CRIB NOTES JUNE 22-26: Canberra drops defence brief, UK debates fracking, SDGs dominate in NY, FormulaE hits London

With every shift in temperature, there has been a correlating shift in violence, recent studies have found (Pic: MOD)

With every shift in temperature, there has been a correlating shift in violence, recent studies have found (Pic: MOD)

By Ed King

Morning all. Here’s what to look forward to this week. If it’s missing something please email me – [email protected]. 

VULNERABLE: Australia’s defence force has “one eye shut” to the impending threat of global warming, say experts in a report released today by the Melbourne-based Centre for Policy Development.
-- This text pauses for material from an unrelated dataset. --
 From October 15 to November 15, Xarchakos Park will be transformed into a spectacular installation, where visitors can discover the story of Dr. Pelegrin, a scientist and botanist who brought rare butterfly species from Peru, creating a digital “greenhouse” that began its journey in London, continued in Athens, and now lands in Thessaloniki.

It quotes Admiral Chris Barrie, head of the ADF from 1998-2002 saying the top brass is “not prepared” for potential future extreme weather events – unlike their counterparts in the UK and US.

The study says a ‘perfect storm’ of scarce resources,  booming populations and intensifying competition for energy across the Pacific will leave Australia on the frontline of climate change, and recommends the issue is tackled in a new defence white paper in late 2015 or early 2016. Optimistic? Barrie thinks so. “At the moment it’s hard to envisage conditions short of a  serious crisis in which the  whole government approach to climate security will change,” he says.
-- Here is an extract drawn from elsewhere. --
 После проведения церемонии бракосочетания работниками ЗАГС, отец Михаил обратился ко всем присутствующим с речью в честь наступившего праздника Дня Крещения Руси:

FRACKING HELL: So say 850 lawmakers in New York State, who have written to counterparts at Lancashire County Council urging them not to approve two test drilling sites for shale gas fracking this week. “High-volume  hydraulic fracturing is an inherently risky process…” they say in the letter, sent on Saturday, citing air pollution, water contamination and earthquakes. In turn, the UK company keen to drill – Cuadrilla – has told them to butt out.  Planning approval for one of the wells was granted last week. Four days of council debate starts Tuesday.
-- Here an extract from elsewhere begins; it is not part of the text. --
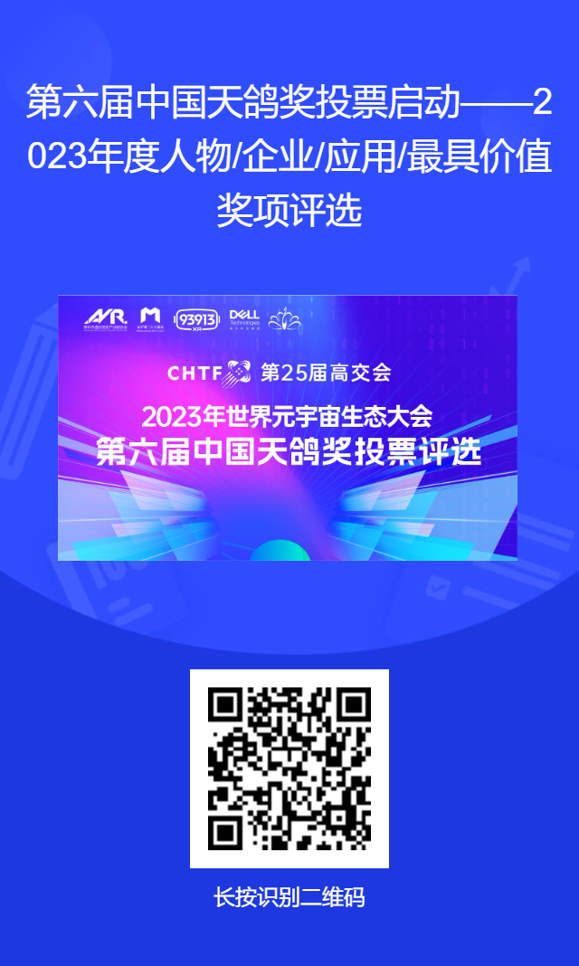 作為第25屆高交會·2023世界元宇宙生態(tài)大會的重要組成部分,第六屆中國天鴿獎將評選出四大元宇宙獎項:“人物”、“應用”、“企業(yè)”、“最具價值”四大類;評選活動采取自薦或推薦等方式,以網(wǎng)上投票和專家評審等形式公平、公正、權(quán)威評選出相關(guān)獎項,并將于2023年11月17日舉行頒獎盛典。

CHINA’S INDC: We’re still waiting.

SDGS: Negotiations kick off again in New York on the UN’s sustainable development goals, due to be signed off on September. Here’s the running order for this week. Full preview from Alex Pashley on RTCC later today.

AIRPORT HELL: You might think a major decision by the UK Airport Commission on whether London needs a new runway (and if so where) is imminent. You’d be right. And it’s still hard to read where this could go. Heathrow is the global hub with business behind it, but a scrum of influential Tory MPs against. Gatwick says it’s the green choice and will cut air pollution levels across London. An alternative being proposed by climate campaigners is a tax on frequent flyers. They say a new runway isn’t needed as business travel is falling.

FORMULA E: Coming to London this week, for the final race of the season. RTCC will be there on Sunday to watch the sexiest electric car race on the planet get its battery implants.

RTCC IN BRUSSELS: Alex is there this week for us digging ahead of the EU-China summit. Got a story? Email him on [email protected].

SCOT RAGE: Cuts to subsidies for onshore wind across the UK may ensure Scotland misses its goal to slash carbon emissions 42% on 1990 levels by 2020, the Edinburgh government’s energy minister Fergus Ewing said on Sunday. Hitting this target would now be “challenging” because there would be less renewable energy in the pipeline to rely on. Critics say the country has already blown its climate target four years in a row, while the subsidy was still strong.

YOGA: Did you miss World Yoga Day? It was on Sunday… the idea of India’s prime minister and yoga fanatic Narendra Modi. He says it’s good for the soul, wellbeing and physical fitness. And also for climate change.

UN CLIMATE TALKS: If you’re missing your UNFCCC kick while the biblical text is being slashed have a read of the latest Harvard Kennedy School discussion paper on possible “routes” to a 2015 deal. What’s interesting about this paper is its focus on carbon pricing and the specific global price for a tonne on carbon that could really unlock financing for developing countries. $25 a tonne would generate $1,250 billion a year

POPERY: Had enough of the Pope banging on about climate change? In the US apparently not. A new study by the Yale project on climate change communication finds Catholics – 24% of all American adults – are more convinced that global warming is happening, are more worried, and are more supportive of policy action than other Christians. See more here.

POPERY #2: Two must read articles on the Pope’s missive. How the “doubters” lost their fight to stop the encyclical, in the Washington Post and why every world leader should read it, by human foghorn and former deputy UK PM Lord Prescott.